= MATERIAL SHOWN =
----------

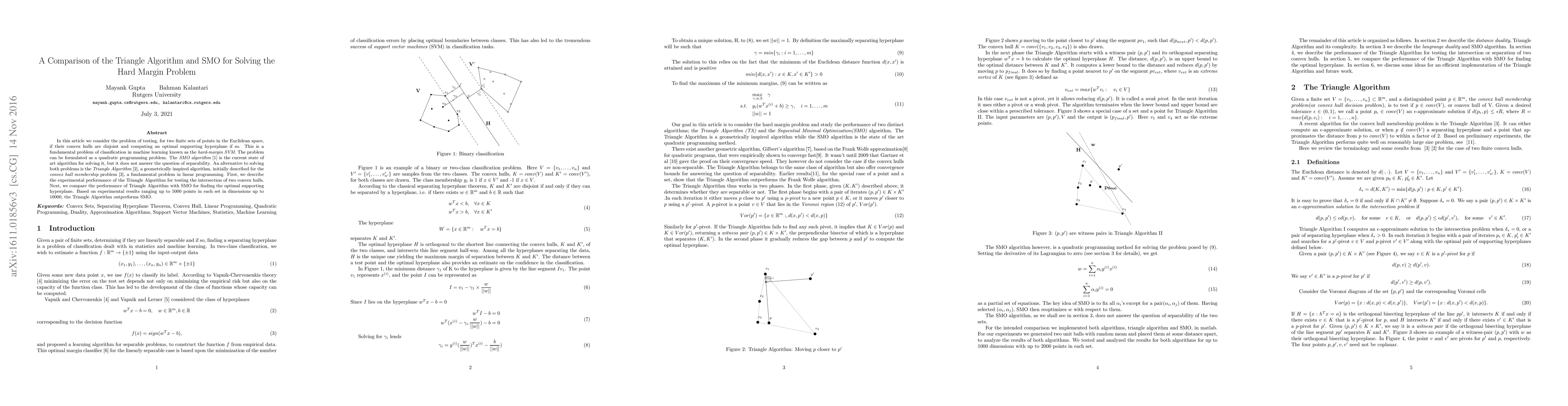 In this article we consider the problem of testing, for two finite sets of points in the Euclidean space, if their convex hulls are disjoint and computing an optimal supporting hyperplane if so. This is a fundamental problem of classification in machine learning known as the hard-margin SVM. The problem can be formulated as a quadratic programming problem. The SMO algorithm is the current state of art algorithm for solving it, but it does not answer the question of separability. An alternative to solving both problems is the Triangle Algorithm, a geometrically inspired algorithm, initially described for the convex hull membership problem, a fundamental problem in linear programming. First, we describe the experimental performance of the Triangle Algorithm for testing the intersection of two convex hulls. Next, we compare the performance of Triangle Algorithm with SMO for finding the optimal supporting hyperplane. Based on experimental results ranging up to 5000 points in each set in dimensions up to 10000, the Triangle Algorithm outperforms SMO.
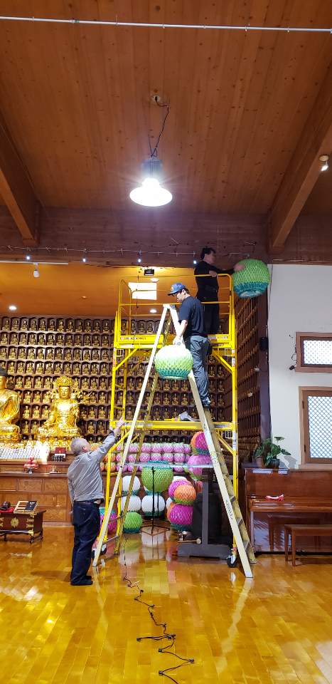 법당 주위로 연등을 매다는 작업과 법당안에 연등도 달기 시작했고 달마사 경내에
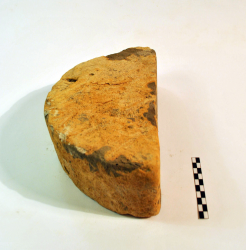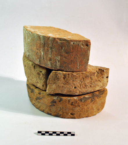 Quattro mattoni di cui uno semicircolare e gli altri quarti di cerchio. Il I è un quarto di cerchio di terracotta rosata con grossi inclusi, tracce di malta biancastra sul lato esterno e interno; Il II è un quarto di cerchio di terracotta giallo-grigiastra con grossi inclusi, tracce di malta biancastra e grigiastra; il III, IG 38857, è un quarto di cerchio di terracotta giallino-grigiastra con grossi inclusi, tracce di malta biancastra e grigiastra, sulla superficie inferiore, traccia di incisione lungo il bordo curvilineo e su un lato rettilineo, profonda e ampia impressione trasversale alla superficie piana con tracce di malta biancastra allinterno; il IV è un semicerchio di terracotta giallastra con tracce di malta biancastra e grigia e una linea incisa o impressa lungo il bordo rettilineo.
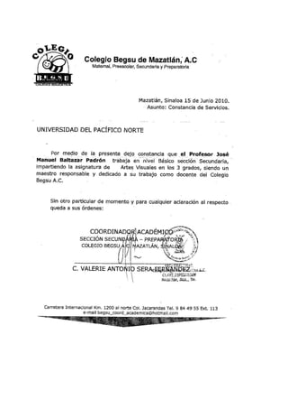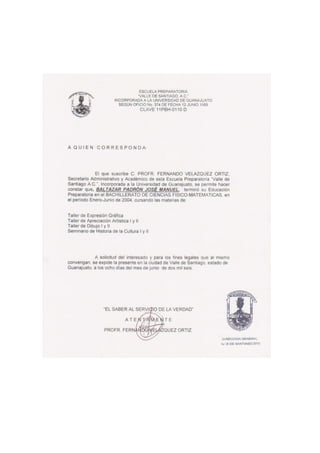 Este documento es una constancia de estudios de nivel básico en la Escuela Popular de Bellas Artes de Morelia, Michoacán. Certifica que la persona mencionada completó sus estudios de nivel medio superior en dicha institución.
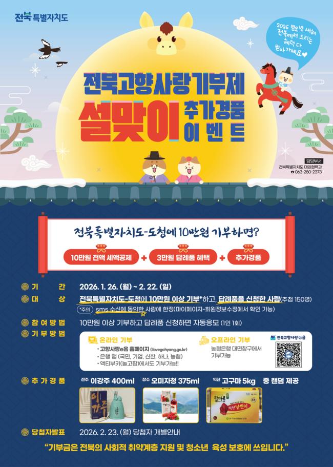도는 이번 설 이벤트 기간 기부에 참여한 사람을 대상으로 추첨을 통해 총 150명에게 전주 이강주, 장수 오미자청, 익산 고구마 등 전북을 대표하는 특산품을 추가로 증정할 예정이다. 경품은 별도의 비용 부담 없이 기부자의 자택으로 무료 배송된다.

----------

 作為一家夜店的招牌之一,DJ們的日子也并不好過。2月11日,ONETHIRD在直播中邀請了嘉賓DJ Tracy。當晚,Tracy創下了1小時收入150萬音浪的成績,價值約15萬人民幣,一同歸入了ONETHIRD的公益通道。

----------

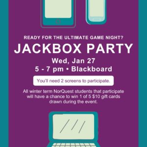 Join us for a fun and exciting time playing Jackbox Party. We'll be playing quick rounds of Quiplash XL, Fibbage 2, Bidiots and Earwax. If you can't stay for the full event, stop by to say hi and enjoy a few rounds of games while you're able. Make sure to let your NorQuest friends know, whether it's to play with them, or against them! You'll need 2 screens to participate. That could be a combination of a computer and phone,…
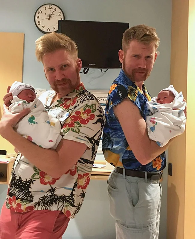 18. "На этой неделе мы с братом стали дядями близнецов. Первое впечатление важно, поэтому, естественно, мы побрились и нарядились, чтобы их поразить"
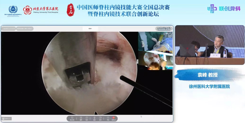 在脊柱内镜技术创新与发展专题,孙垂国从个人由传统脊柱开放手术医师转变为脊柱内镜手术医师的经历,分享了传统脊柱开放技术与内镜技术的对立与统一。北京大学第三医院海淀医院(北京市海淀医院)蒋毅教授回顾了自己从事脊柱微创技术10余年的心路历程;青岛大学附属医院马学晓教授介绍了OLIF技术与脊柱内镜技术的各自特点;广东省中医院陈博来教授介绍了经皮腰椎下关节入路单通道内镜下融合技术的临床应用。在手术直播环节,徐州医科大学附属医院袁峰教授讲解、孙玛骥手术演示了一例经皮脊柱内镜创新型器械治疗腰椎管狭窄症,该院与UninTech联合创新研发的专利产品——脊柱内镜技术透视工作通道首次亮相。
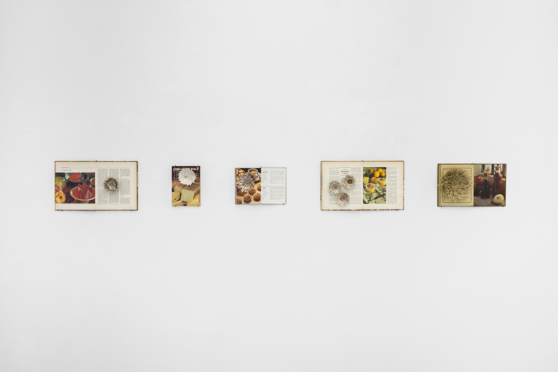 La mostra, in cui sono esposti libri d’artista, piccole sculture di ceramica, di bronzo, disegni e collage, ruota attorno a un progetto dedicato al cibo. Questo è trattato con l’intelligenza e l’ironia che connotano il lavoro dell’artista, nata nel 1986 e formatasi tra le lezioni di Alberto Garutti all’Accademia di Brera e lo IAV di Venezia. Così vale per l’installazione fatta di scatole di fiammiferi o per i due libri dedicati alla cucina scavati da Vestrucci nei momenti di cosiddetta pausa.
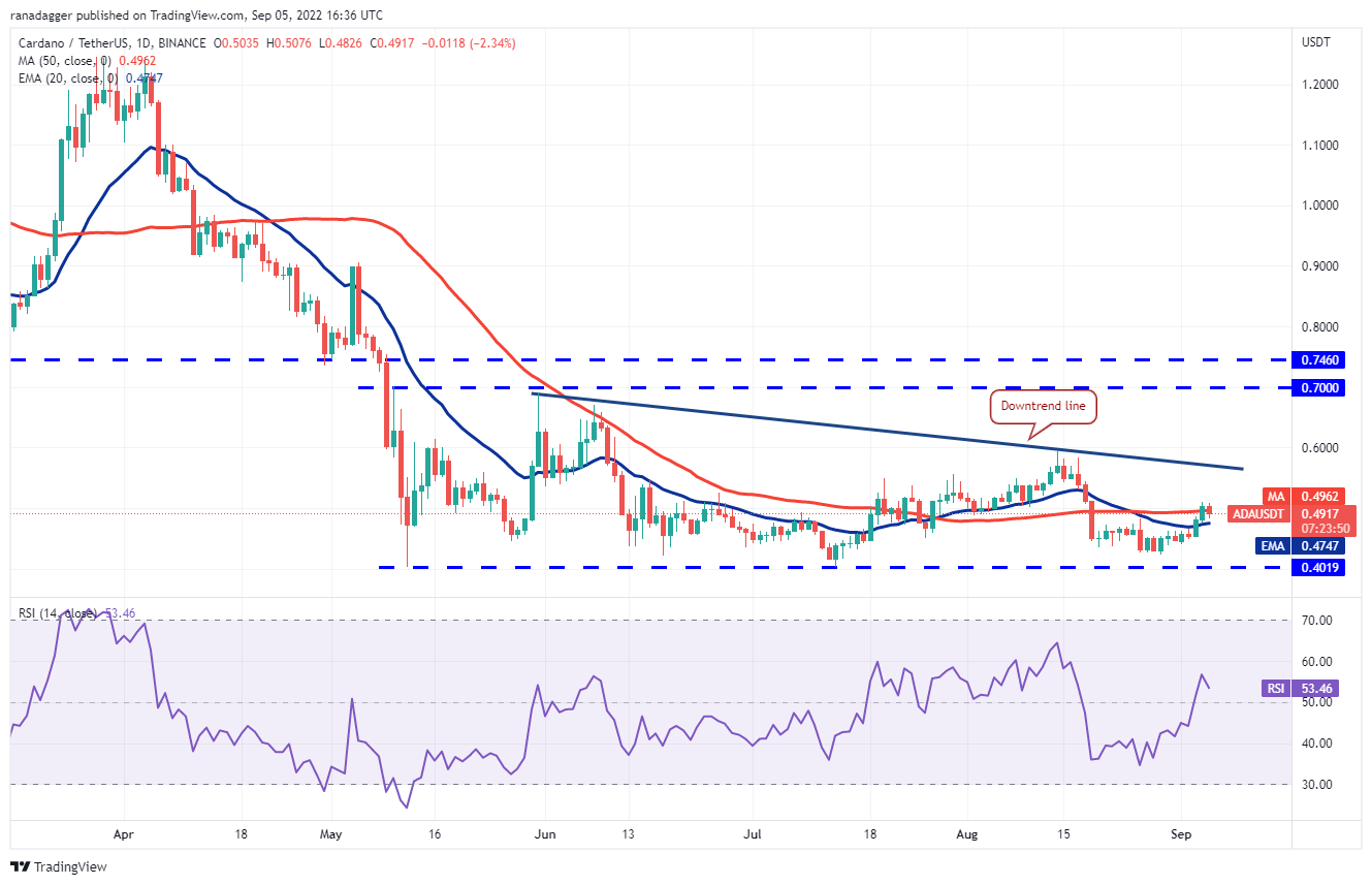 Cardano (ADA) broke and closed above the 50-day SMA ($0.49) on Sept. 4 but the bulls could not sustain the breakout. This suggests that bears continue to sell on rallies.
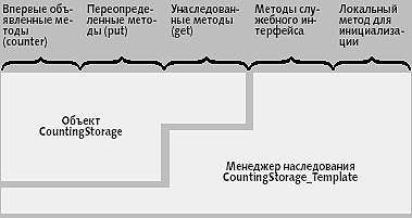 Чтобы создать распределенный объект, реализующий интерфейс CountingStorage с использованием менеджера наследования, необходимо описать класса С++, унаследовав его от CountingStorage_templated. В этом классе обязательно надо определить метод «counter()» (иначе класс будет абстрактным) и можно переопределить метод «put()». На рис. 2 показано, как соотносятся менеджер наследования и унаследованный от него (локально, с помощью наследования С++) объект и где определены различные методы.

----------

Would you transcribe the lines above exactly, going from the line bearing "этой неделе мы" through the line bearing "在脊柱内镜技术创新与发展专题", and drop the pictures from the copy?

= REPLY TO THE EXERCISE =
 18. "На этой неделе мы с братом стали дядями близнецов. Первое впечатление важно, поэтому, естественно, мы побрились и нарядились, чтобы их поразить"
 在脊柱内镜技术创新与发展专题,孙垂国从个人由传统脊柱开放手术医师转变为脊柱内镜手术医师的经历,分享了传统脊柱开放技术与内镜技术的对立与统一。北京大学第三医院海淀医院(北京市海淀医院)蒋毅教授回顾了自己从事脊柱微创技术10余年的心路历程;青岛大学附属医院马学晓教授介绍了OLIF技术与脊柱内镜技术的各自特点;广东省中医院陈博来教授介绍了经皮腰椎下关节入路单通道内镜下融合技术的临床应用。在手术直播环节,徐州医科大学附属医院袁峰教授讲解、孙玛骥手术演示了一例经皮脊柱内镜创新型器械治疗腰椎管狭窄症,该院与UninTech联合创新研发的专利产品——脊柱内镜技术透视工作通道首次亮相。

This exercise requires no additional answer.